Nonostante nel 50% dei casi di infertilità la causa sia l’uomo, gli italiani eludono i controlli sulla propria fertilità. Nelle coppie che decidono di ricorrere alla procreazione medicalmente assistita (PMA), almeno il 25% degli uomini salta la visita dall’andrologo. Una leggerezza frutto di retaggi culturali sbagliati e che aumentano le difficoltà del concepimento.
Gli uomini possono avere problemi di fertilità, nonostante la cosa sia da molti poco accettata. Problemi tra l’altro spesso affrontabili in maniera più facile che con la procreazione assistita. Se le coppie si rivolgessero subito sia al ginecologo che all’andrologo, si eviterebbero circa 8 mila interventi di PMA all’anno. Ciò porterebbe a un risparmio economico di 150 milioni di euro e a un risparmio di fatica e delusioni incalcolabile.

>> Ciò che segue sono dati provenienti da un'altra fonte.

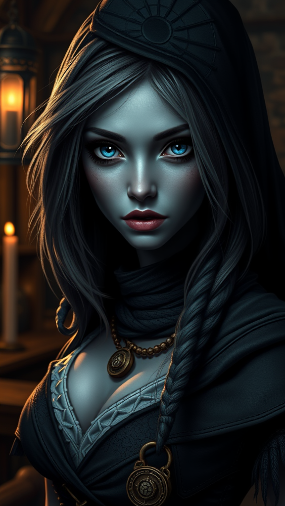 A stunningly beautiful thief from the D&D Circle of Stars, featuring striking eyes and a full body character portrait. She is a dark fantasy figure with a detailed and realistic face, depicted in a digital portrait style. She resembles a Fiverr D&D character, embodying the elegance of a beautiful female Drow with her signature gray skin. She is dressed appropriately for a Medieval Tavern background, surrounded by moody lighting that adds to the dramatic atmosphere. This scene is captured in high definition, offering 8k UHD and HDR quality. Her appearance may give a hint of duplication or mutation, with unique features such as a long neck and extra fingers, creating an intriguing yet subtle altered aesthetic. The focus remains on her face, avoiding any out-of-frame elements, blurriness, or visual distractions like jpeg artifacts or watermarks. Characterized by both beauty and mystery, she embodies the allure and enigma of a D&D universe.

La procreazione medicalmente assistita dovrebbe essere l’estrema ratio in caso di infertilità. Le terapie sono pesanti sia per il fisico che per la mente, specie per la donna. Ciononostante, molte coppie vi accedono saltando la metà dei controlli che sarebbero necessari. Si cercano le cause dell’infertilità nella donna, quando magari sono nell’uomo e sono del tutto trattabili.
Secondo la normativa, possono accedere alla PMA solo le coppie nelle quali entrambi i coniugi hanno problemi certificati. Di fatto, in gran parte dei casi si prendono in esame eventuali problemi maschili solo dopo l’avvio delle procedure. Una scelta che non tiene conto delle statistiche degli ultimi 30 anni, che parlando di un 100% in più dei casi di infertilità maschile.